FIG. 4 is a high level functional block diagram of a representative data processing system 400 suitable for practicing the principles of the present invention. Data processing system 400, includes a central processing system (CPU) 410 operating in conjunction with a system bus 412. System bus 412 operates in accordance with a standard bus protocol, such that as the ISA protocol, compatible with CPU 410. CPU 410 operates in conjunction with electronically erasable programmable read-only memory (EEPROM) 416 and random access memory (RAM) 414. Among other things, EEPROM 416 supports storage of the Basic Input Output System (BIOS) data and recovery code. EEPROM 416 also contains all or a part of the code necessary to complete a voice command recognition engine and a voice engine for generating voice responses corresponding to recognized voice commands according to embodiments of the present invention. Code for linking the voice command recognition engine and the voice response engine may also be located in EEPROM 416 or may be loaded from disk 420, tape 440 or from a remote device in response to receiving an input enabling voice command interaction with the BIOS in EEPROM 416. RAM 414 includes, DRAM (Dynamic Random Access Memory) system memory and SRAM (Static Random Access Memory) external cache. I/O Adapter 418 allows for an interconnection between the devices on system bus 412 and external peripherals, such as mass storage devices (e.g., a hard drive, floppy drive or CD/ROM drive), or a printer 440. A peripheral device 420 is, for example, coupled to a peripheral control interface (PCI) bus, and I/O adapter 418, therefore, may be a PCI bus bridge. User interface adapter 422 couples various user input devices, such as a keyboard 424, mouse 426, touch pad 432 or speaker 428 to the processing devices on bus 412. Display 438 which may be, for example, a cathode ray tube (CRT), liquid crystal display (LCD) or similar conventional display units. Display adapter 436 may include, among other things, a conventional display controller and frame buffer memory.
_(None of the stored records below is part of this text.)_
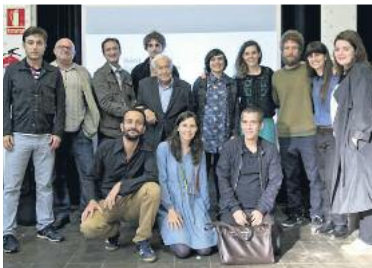
Els premis es van lliurar a la Fabra i Coats.

Herrera va ser el guanyador de la categoria 'Obra' amb Dividir una muntanya ; Canepa es va imposar en la categoria 'Projecte', amb l'obra Arquitecturas del futuro pasado ; Vidal va guanyar en la categoria 'Publicació' amb el treball Numerical algorithms for improving the measurement of Topografia of x-ray mirrors used in synchrotrons i, finalment, Clementi es va quedar en primera posició a la categoria 'Comunicació gràfica'
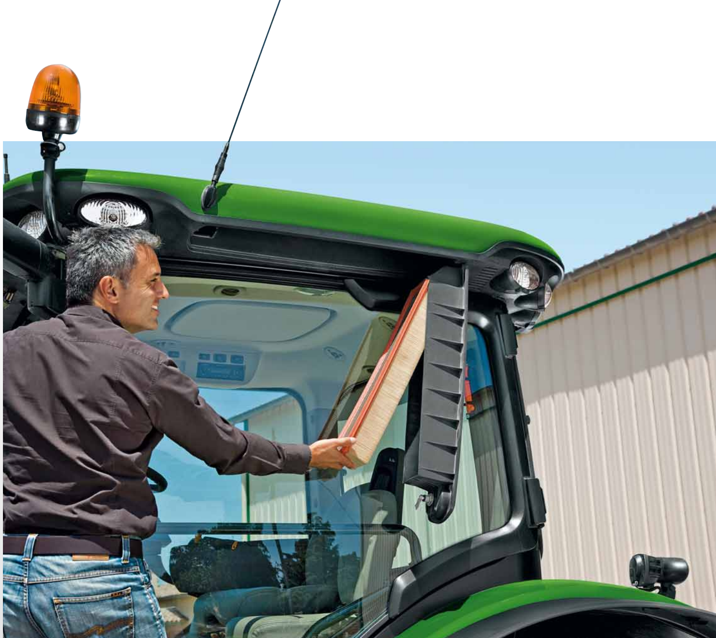
Pakeisti kabinos oro filtrą visiškai lengva!
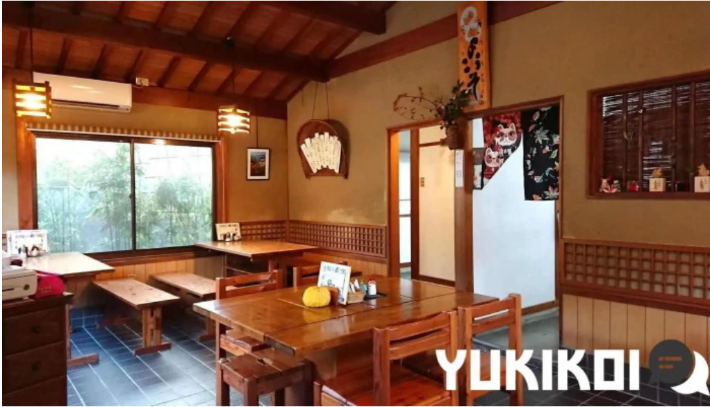
三輪の里 池側 雰囲気
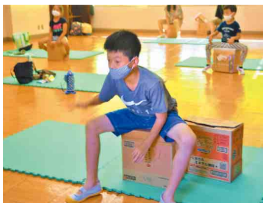
▶ポップな曲に合わせて合奏しました
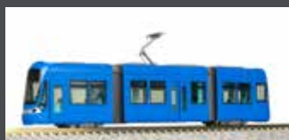
K14805-1 MODERNER STRASSENBAHN-GELENKTRIEBWAGEN, EP.V-VI, BLAU
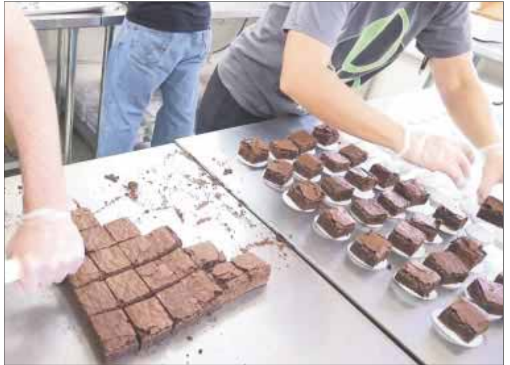
Para enganchar a los jóvenes, narcomenudistas venden “brownies”, “grapas”, “hot cakes”, “muffins” o cigarrillos con marihuana o cocaína.

Lo más importante es la comunicación, los padres deben estar alerta del comportamiento de sus hijos”, e identificar a tiempo comportamientos hostiles, bajo rendimiento académico, somnolencia, o signos físicos como ojos rojos y resequedad en la boca, para tomar medidas a tiempo.
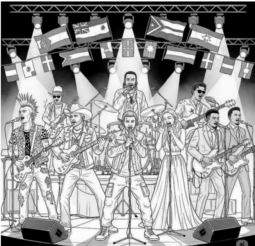
Figura 6 Ilustración de orquesta en concierto
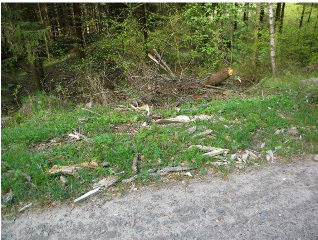
Småbitar efter den fallande tallen.
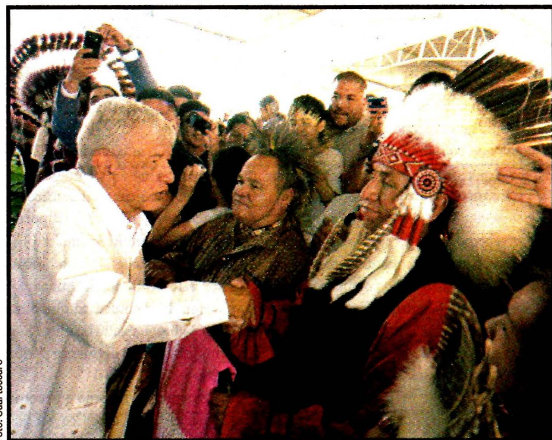
SABINAS, Coah.- Andrés Manuel López Obrador. Presión a empresarios. Ver página 3

Data processing system 400 may be selectively coupled to a computer or telecommunications network 441 through communications adapter 434. Communications adapter 434 may include, for example, a modem for connection to a telecom network and/or hardware and software for connecting to a computer network such as a local area network (LAN) or a wide area network (WAN).

Although the present invention and its advantages have been described in detail, it should be understood that various changes, substitutions and alterations can be made herein without departing from the spirit and scope of the invention as defined by the appended claims.